Le dernier né des productions de Luc Besson a pour clair objectif de faire passer son entreprise Europacorp du statut de petit distributeur de séries B européennes à un acteur incontournable du cinéma populaire des deux côtés de l’Atlantique. Fort du l’énorme succès du fun mais néanmoins nauséabond) Taken, en particulier aux Etats-Unis, Besson délaisse donc la série B violente et simpliste, sorte de 24 heures du pauvre, pour un genre plus consensuel : le « buddy movie », film d’action sensé être inoffensif et plein d’humour. Malheureusement, le genre est aussi plus exigeant : il ne suffit plus de torturer quelques terroristes pour être crédible, il faut aussi être drôle, rythmé, équilibré et original.

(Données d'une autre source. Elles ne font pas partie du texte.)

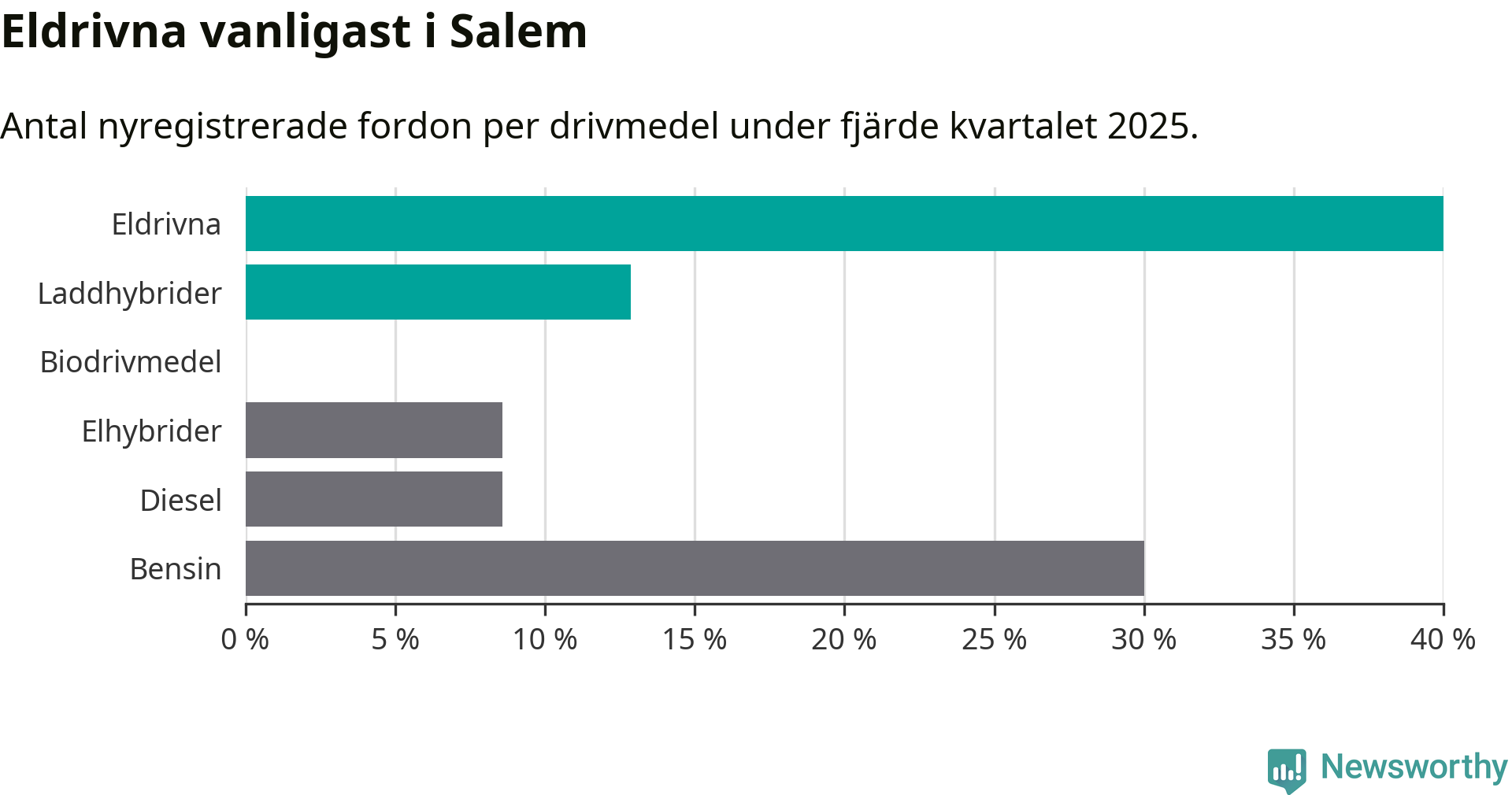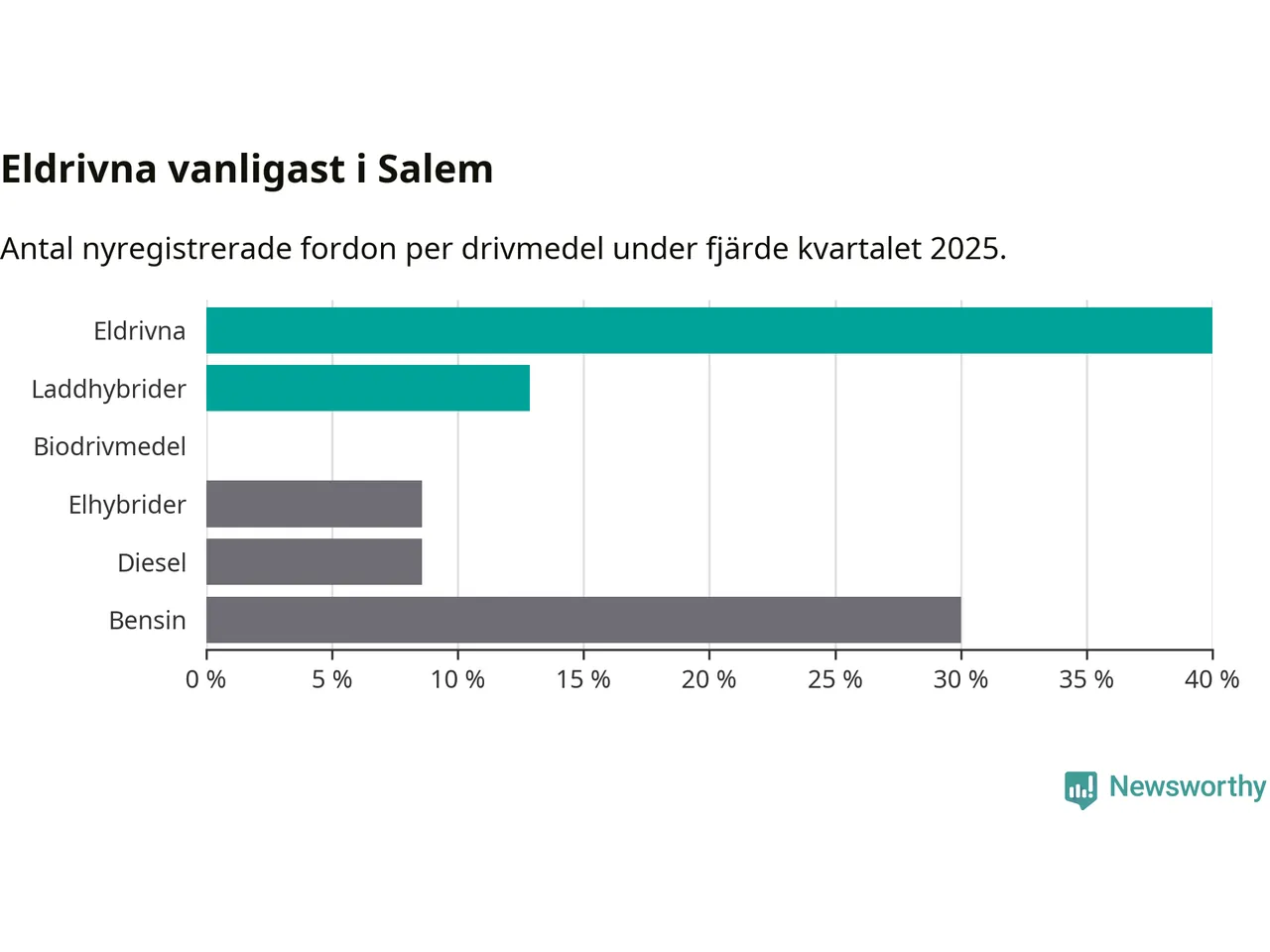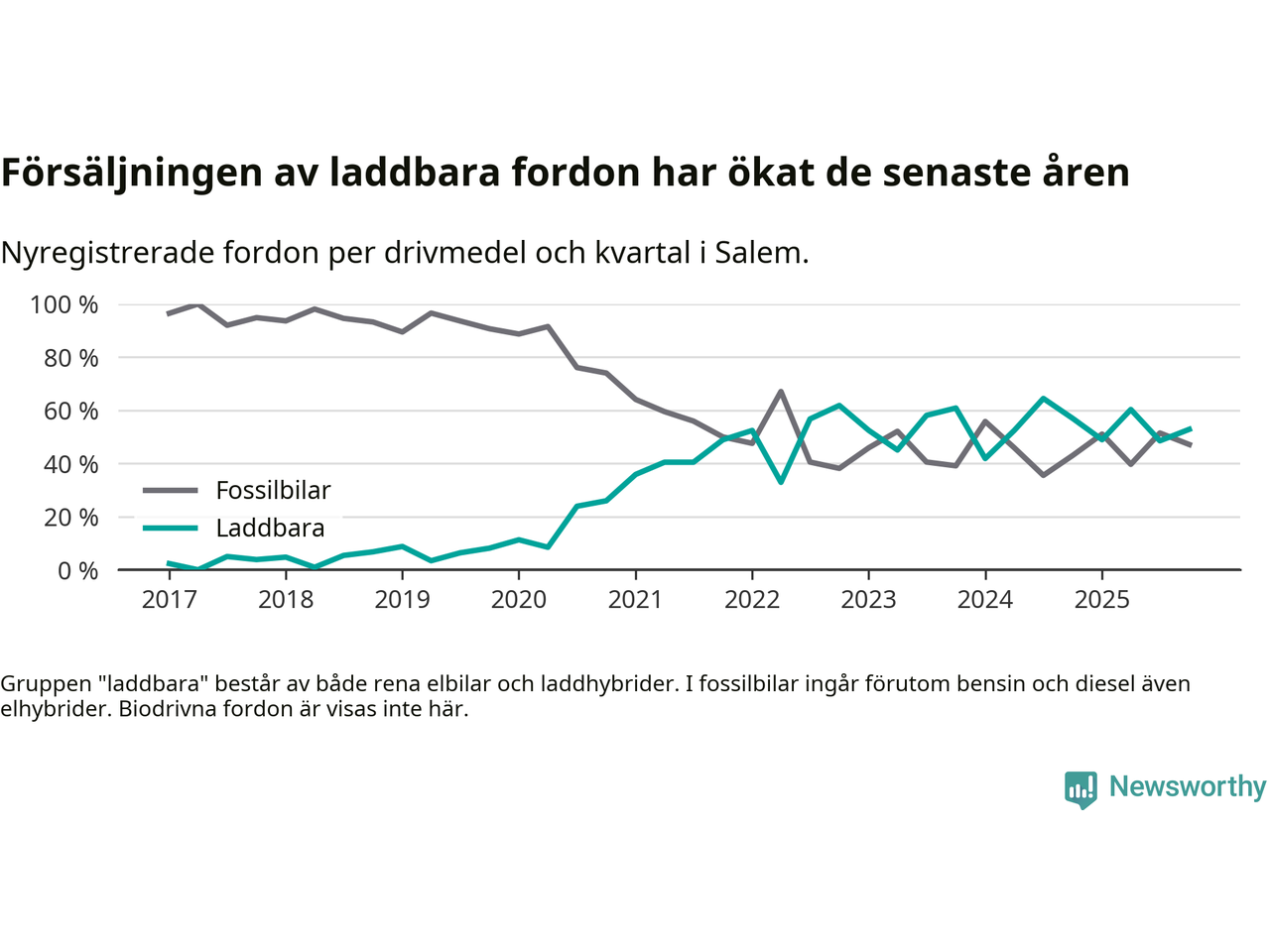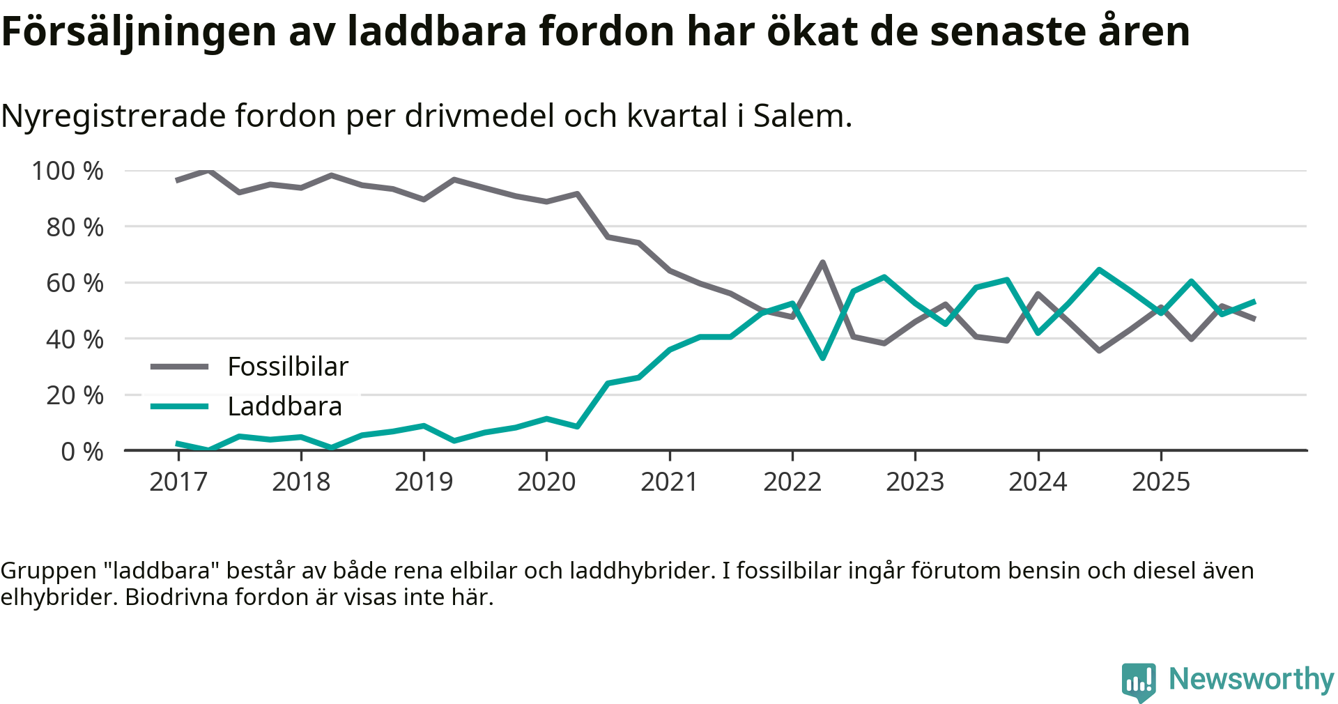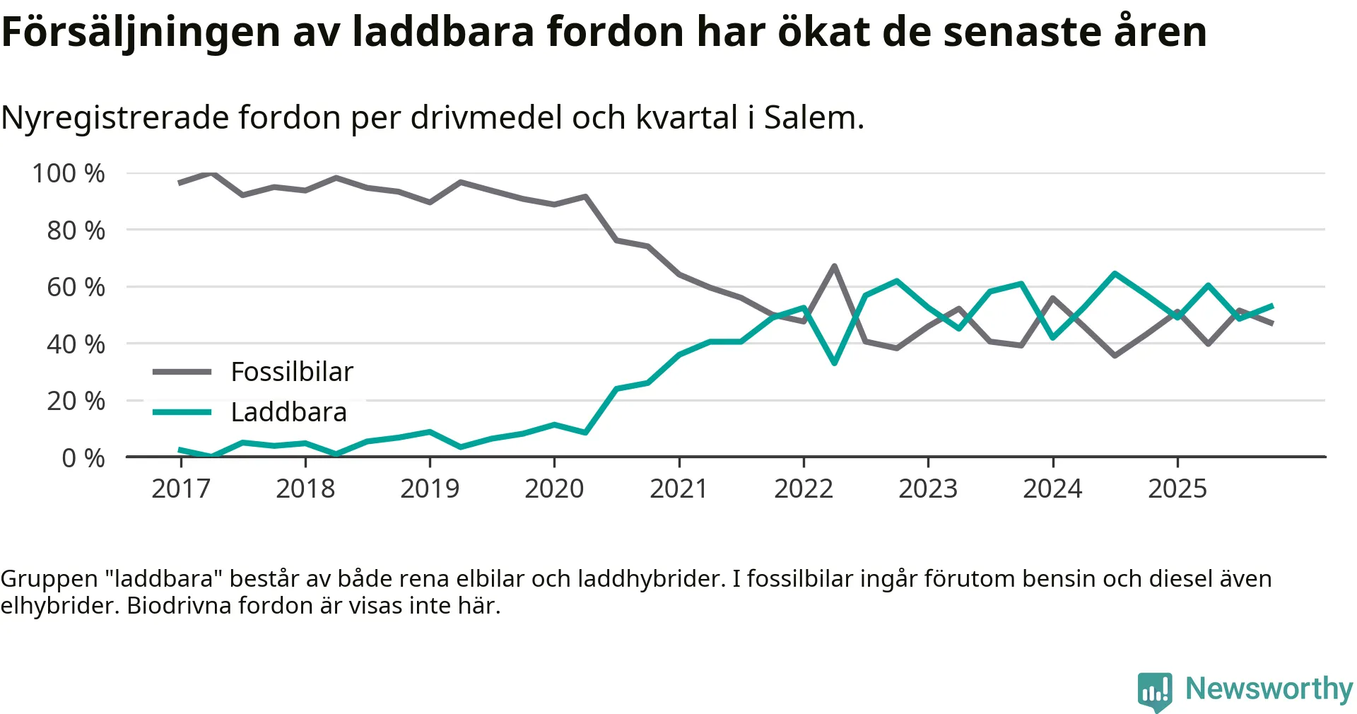 Under fjärde kvartalet 2025 var 53 procent av alla nyregistrerade personbilar i Salem laddbara (sammanlagt registrerades 70 nya bilar). Merparten av de laddbara bilarna var rena elbilar (40 procent av alla).

Pas gagné pour les équipes Europacorp, plus douées en matière de bourinage qu’en terme d’esprit.
James Reese trvaille pour l’ambassadeur américain à Paris. Il profite de sa position pour faire quelques petits jobs pour la CIA. Le jour où on le met sur une vraie mission, c’est en lui adjoignant un partenaire aussi dingue qu’imprévisible.

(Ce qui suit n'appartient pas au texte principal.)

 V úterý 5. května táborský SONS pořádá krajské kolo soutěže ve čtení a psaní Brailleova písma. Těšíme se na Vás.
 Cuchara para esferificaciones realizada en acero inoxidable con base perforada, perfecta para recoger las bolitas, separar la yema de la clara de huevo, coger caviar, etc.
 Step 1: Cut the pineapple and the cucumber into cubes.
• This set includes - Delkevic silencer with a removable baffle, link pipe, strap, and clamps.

C'est avec un petit plaisir vicieux qu'on attend que Luc Besson gare son 33 tonnes rempli de clichés devant nos salles pour un déchargement imminent. Et comme prévu, on s’accroche aux branches devant la profondeur d'un script, qui déploie ses thèmes avec la légèreté d’un régiment de Panzer. Dans l’ordre d’apparition : les français sont des obsédés du sexe, les femmes font mieux à manger que les hommes, les américains sont cools et sexy, les chinois membres de triades qui utilisent les restaurants comme couverture et les banlieues françaises sont des repères de dealers aussi bien armés qu’un escadron de FARC en ballade. Pour finir, on se demande quelques minutes pourquoi les pakistanais ont été choisis pour illustrer l’inévitable passage proxénète de l’histoire, là où des albanais ou des ukrainiens auraient fait merveille. Soucis de décalage ? Pas de risque, on se rassure quelques minutes après quand on se rend compte que les proxénètes sont aussi des terroristes qui en veulent à mort aux Etats-Unis. Terroriste = pakistanais, CQFD. Ouf, on respire.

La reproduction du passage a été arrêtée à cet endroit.